Uremic Osteodystrophy:
The recommended initial dose of Nefkalci® is 0.25 microgram/day. If a satisfactory response in the biochemical parameters and clinical manifestations of the disease state is not observed, dosage may be increased by 0.25 microgram/day at intervals of two to four weeks. Patients with normal or only slightly reduced serum calcium levels may respond to Nefkalci® doses of 0.25 microgram every other day. Most patients undergoing haemodialysis respond to doses between 0.5 and 1 microgram daily.

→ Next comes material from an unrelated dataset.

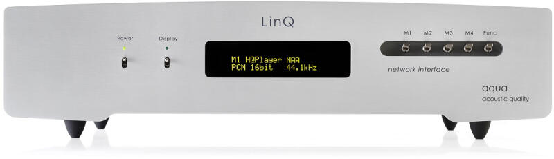 OurNetwork InterfaceThe new LinQ was created following a precise idea. Fast and standard technical solutions do not belong to the aqua philosophy. aqua has developed an extremely streamlined long-life platform and network bridge modules focused on audio playback functions. We prefer to use know-how developed in-house, for a number of reasons in respect the aqua SQ standards. This has required a considerable effort in terms of time and resources, but the result is immediately evident on first use. LinQ is a highly modular device, based on a series of completely independent units. Each module performs a particular function, for which it is optimized. Each module has its own dedicated power supply and plugs into a connector on the base platform of the device. In addition to the optimization of the particular function, this architecture guarantees an exceptional possibility of future upgrades. The communication lines of each module with the network are galvanically isolated. Note that further isolation is guaranteed by the fact that one of the modules is a LAN switch, developed internally by aqua. This is an important point: in fact, during the listening tests, and also in the laboratory ones, we obtained the best results with the use of this architecture with a built-in LAN switch. Always having the sound result as an objective, LinQ does not use a USB interface: the output is on AQlink, the aqua I2S proprietary connection. In this way thepassageon USB is skipped, avoid any losses in sound quality. Furthermore, proprietary circuits have been developed in the output FPGA, in order to implement the S PDIF, AES EBU and Dual-AES outputs. NO-COMPROMISE AUDIO ENGINEHQPlayer Core + NAA (cascade-modules). The breakthrough. LinQ knows no obsolescence. Our focus was to create an Audio Engine for Roon with zero-setup. The ambitious vision to combine extreme Sound Quality with delight. The Core exploits the new i. MX8 micro (ARM 64bit), with its incredible performance, low latency, and revolutionary power efficiency. And a customized lightweight kernel (UNIX-based). Roon can be configured to implement of HQPlayer into a Zone. HQPlayer owns the final connection to the Audio Engine, and Roon is just passing along a stream of bits from media filesStreaming services as Qobuz and Tidal. This allows you to enjoy the benefits of HQPlayer SQ and the library management capabilities of Roon at the same time. The Core is zero-configuration (Plug and Play). The license key of HQPlayer Embedded is pre-installed in our labs and the LinQ is ready to use. The HQPlayer-based LinQ Core remains true to the philosophy of aqua brand, it is not aimed at digital signal processing. FEATURESProprietary fully floating hybrid 2-stage Network + FPGA module with proprietary code4 Slots to implement future-proof network protocols (modules). Available now:- HQPlayer Core + NAA (cascade-modules)No-Compromise Audio Engine for Roon- HQPlayer NAARenderer- UPnP DLNARendererIn RD:- SqueezeliteRendererComing soonFull optimization of the UNIX code to run just the processes necessary for HQPlayer Embedded such as Audio Engine for RoonInternal custom developed LAN switch (isolated)Pure Bit-perfect FPGA signal processingUncompromising digital interface AQlink PRO (I2S protocol)Galvanically isolated output stage (upgradable)2 separate low noise C-Core power transformers for network circuitry and digital decodingMODULAR DESIGN with upgradeable multi board platformQobuz, Tidal and other main streaming services supportedZero setup, direct access to the Network Module by key and IR5 remoteHigh-quality partsInput:- ETHERNET networkn. 1 standard RJ-45 connector LAN No network configuration is required (DHCP system)Outputs:- AQlink I2Sn. 1 Ethercon RJ-45 connector (PCM 32 bit 384kHzDSD128 max)- Dual-AES EBU (IEC 60958)n. 2 XLR 110 ohm connectors (PCM 24 bit 384kHzDSD128 max)- AES EBU (IEC 60958-4)n. 1 XLR 110 ohm connector (PCM 24 bit 192kHzDSD64 max)- S PDIF (IEC 60958-1)n. 1 BNC 75 ohm connector (PCM 24 bit 192kHzDSD64 max)- S PDIF (IEC 60958-3)n. 1 RCA connector (PCM 24 bit 192kHzDSD64 max)OLED display with user off-selectable illuminationRC5 IR remote controller (optional)Aluminium anti-resonant cabinet with NextelDesigned and handmade in Italy

Hypoparathyroidism and Rickets:
The recommended initial dose of
Nefkalci® is 0.25 microgram/day when given in the morning. If a satisfactory response in the biochemical parameters and clinical manifestations of the disease are not observed, the dose may be increased at intervals of two to four weeks. Malabsorption is occasionally noted in patients with hypoparathyroidism and therefore larger doses of Nefkalci® may be needed.
Paediatric
The doses are similar to those used in adults with greater variability between subjects. Patients in one to five years age group with hypoparathyroidism have usually been given Nefkalci® 0.25 to 0.75 microgram daily.
Geriatric
No dosage adjustment is necessary in elderly patients.
Overdosage
Since Calcitriol is a derivative of Vitamin D, the symptoms of overdose are the same as for an overdose of Vitamin D. Administration of Nefkalci® to patients in excess of their daily requirements can cause hypocalcaemia, hypercalciuria and hyperphosphataemia. High intake of calcium and phosphate concomitant with Nefkalci® may lead to similar symptoms. The serum calcium times phosphate (Ca x P) product should not be allowed to exceed 70 mg2/dL2. In patients with uremic osteodystrophy, high levels of calcium in the dialysate may contribute to the development of hypocalcaemia. Acute symptoms of Vitamin D intoxication include anorexia, headache, vomiting and constipation. Chronic symptoms include dystrophy (weakness, loss of weight), sensory disturbances, possibly fever with thirst, polyuria, dehydration, apathy, arrested growth and urinary tract infections. Hypercalcaemia ensues with metastatic calcification of the renal cortex, myocardium, lungs and pancreas.
Storage
Store in a cool, dry place. Protect from light and moisture.
Disclaimer:
This information is for registered medical practitioner only. Anyone other than medical practitioner should consult medical practitioner before using this product.